Atlantic Coast Pipeline Faces Civil Rights Complaint After Key Permit Is Blocked

This article discusses recent how the Atlantic Coast Pipeline has been temporarily stopped because of a court case about one of the permits issued. Opponents of the gas pipeline say state and federal agencies failed to assess the health impacts the project would have on minorities, as required under federal law.

federal court has invalidated a key permit for the Atlantic Coast pipeline project, a step that could give civil rights advocates more time to build their environmental justice case against the $6 billion project to carry natural gas from West Virginia to North Carolina.

Opponents of the Atlantic Coast pipeline allege the Dominion Energy-led project would have a disproportionate impact on people of color living along its route.

A group of community and statewide advocacy groups in North Carolina, along with the national Friends of the Earth, filed a complaint with the U.S. Environmental Protection Agency’s External Civil Rights Compliance Office on Tuesday asking the agency to overturn North Carolina state permits for the pipeline and for a new environmental justice analysis of it.

On the same day, a three-judge panel in the 4th U.S. Circuit Court of Appeals invalidated a U.S. Fish and Wildlife Service permit for the pipeline, known as an “incidental take limit.” The judges ruled that that permit, designed to limit the number of threatened or endangered species that could be harmed or killed during the pipeline’s construction and operation, was too vague and could not be enforced.

How weakened U.S. fossil fuel regulations threaten environmental justice in Colorado

This article discusses how Colorado regulations are being weakened, at the expense of the poor.

From the start, President Donald Trump’s administration has made dismantling regulations, especially for the oil, gas and coal industries, a top priority.

And though his claims of rolling back more regulations than any other administration are exaggerated, Trump’s team has tried hard to erase many environmental and energy-related rules.

Environmental Protection Agency Administrator Scott Pruitt, Interior Secretary Ryan Zinke and Trump have teamed up with the Republican-led Congress to get federal agencies on the case, by streamlining environmental permitting and attempting other sweeping changes.

As an environmental sociologist who has spent hundreds of hours researching communities directly affected by oil and gas production, I find that many people living in these places feel that fossil fuel industries already had the upper hand before Trump took office.

Even among people who support drilling, many believe these industries need to be more regulated.

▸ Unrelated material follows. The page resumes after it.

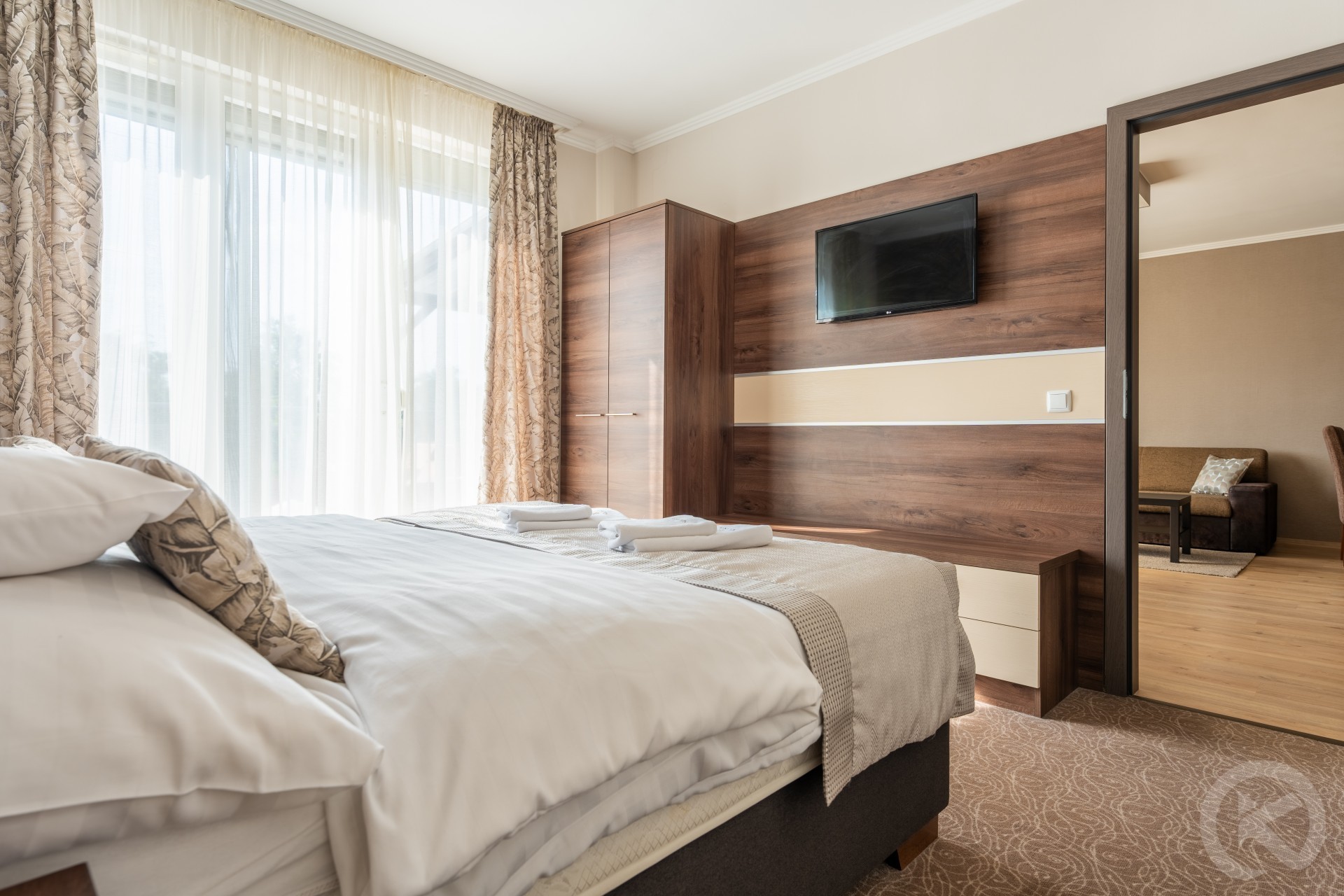 Solaris Apartman & Resort features 9 apartments with a total capacity of 18 beds, catering to various needs. The apartments can accommodate 2 to 6 guests, making them ideal for couples, families, or groups of friends. Standard and superior apartments host up to 4 people, while family apartments and the penthouse suite accommodate up to 6. Spacious living rooms with pull-out sofas provide extra sleeping space.

The residents I have interviewed report feeling uncertain and vulnerable. They tell researchers like me they consider themselves powerless to control their surroundings or to protect the environment, their health or their property. Reducing regulations even more will only intensify these problems.

 

Hotter, Drier, Hungrier: How Global Warming Punishes the World’s Poorest

This article discusses the impact that has happened, and which will continue to get worse, for the world’s poor because of global warming.

“people long hounded by poverty and strife has found itself on the frontline of a new crisis: climate change. More than 650,000 children under age 5 across vast stretches of Kenya, Somalia and Ethiopia are severely malnourished. The risk of famine stalks people in all three countries; at least 12 million people rely on food aid, according to the United Nations.”